Our investment team round-up some of last week’s news…
Investors eagerly tuned into Jerome Powell’s first congressional testimony. The new incoming Federal Reserve Chairman Powell painted a relatively optimistic picture for the US economy, which policies the new Fed Chair will sponsor, and his views on the trajectory for interest rates, all of which will be scrutinised closely in the months ahead.
Janet Yellen, the previous Chairperson of the Federal Reserve, increased rates five times during her term (three times in 2017). Each time she raised rates by a quarter of a percent which is typical of the Fed’s steady as she goes approach.
Each rise in rates has been foreshadowed by concerns that the US economy would be inhibited from regaining full economic health. This week Powell put many of those concerns onto the back burner. He argued, “the economic outlook remains strong”, and “some of the headwinds the US economy faced in previous years have turned into tailwinds”. A big part of his reasoning appears to be associated with the stimulative fiscal policy (tax reform and budget spending) initiatives enacted by the Trump administration. Powell voiced that “further gradual increases” in the Federal Funds rate i.e. interest rates, would be appropriate.

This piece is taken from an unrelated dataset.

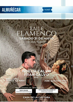 Al son del arte presente BAILE FLAMENCO, otra nueva producción de alta calidad con un lujoso cartel. Con Noelia Calvo y Fran Calvo al baile; Edu López y Marta 'La Niña' al cante; y José Quevedo 'hijo' al toque. Un nuevo espectáculo que pone sobre las tablas la esencia del arte flamenco.
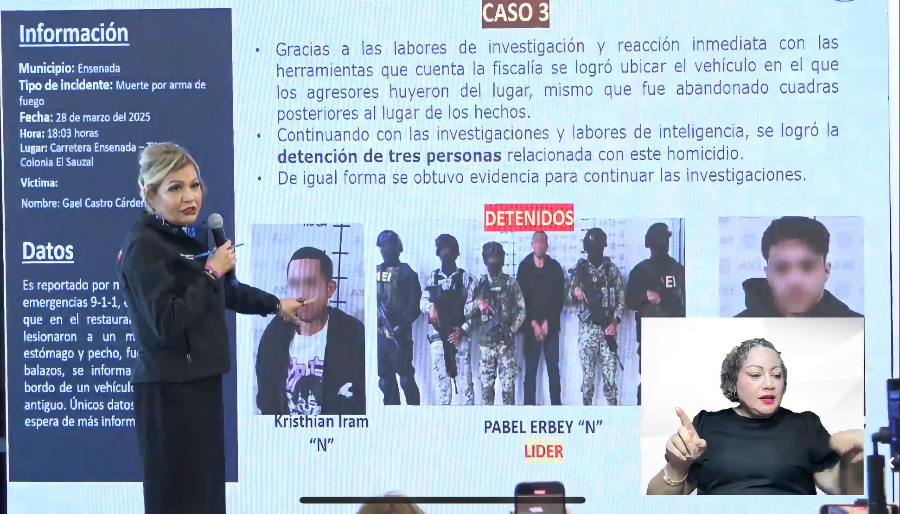 La fiscal general Ma. Elena Andrade Ramírez lo declaró a la prensa este martes, en la conferencia matinal de la gobernadora Marina del Pilar Ávila Olmeda, en torno al crimen perpetrado pasadas las 18:00 horas del 28 de marzo, en el restaurante Villa Marina ubicado en El Sauzal de Rodríguez.

Powell also reaffirmed that maximising employment and maintaining price stability are important objectives, but he carefully moderated his tone around inflation. The dilemma of inflation has been that until recently the global economic recovery had been shown to have little impact on improvements to real wage growth. Growth in pay has uncharacteristically lagged the strong improvement in employment conditions. However, with fiscal policy being deployed, to spur yet more economic activity, the Fed appear to recognise that inflation runs the risk of spiking. However, the Fed will continue to strike a balance between avoiding an overheated economy and allowing inflation to rise uncontrollably above the Fed’s target of 2%.

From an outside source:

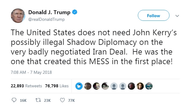 Trump said on Twitter: "The United States does not need John Kerry's possibly illegal Shadow Diplomacy on the very badly negotiated Iran Deal. He was the one that created this MESS in the first place!"

Following Powell’s address, the probability of an interest rate hike in March remained unchanged. However, the probability attached to the need for two, three and four quarter percent rate hikes over the course of 2018 increased, as illustrated by the chart below.
US Interest Rate Hike Probabilities
Source: Bloomberg, 01 March 2018
The Fed emphasised that interest rate hikes this year are data dependent, but officials indicated that a higher growth rate will not necessarily prompt the central bank to accelerate monetary tightening. They are obviously focused on inflationary pressures and how this will manifest.
Source: Trading Economics, 01 March 2018
Whilst being pressed on his approach to interest rate policy, market participants are also assessing Powell, versus his predecessor, regarding his attitude to financial deregulation. Powell responded to questions from members of the House that the Fed intends to relax regulation on banks. One possible change could be a reduction in capital requirements for some large banks, allowing them to rely more heavily on borrowed money, but “without losing any safety and soundness”. It seems the US sees an opening to lighten the burden of regulation, perhaps with a view to making their financial sector more nimble and able to compete globally. An interesting thought!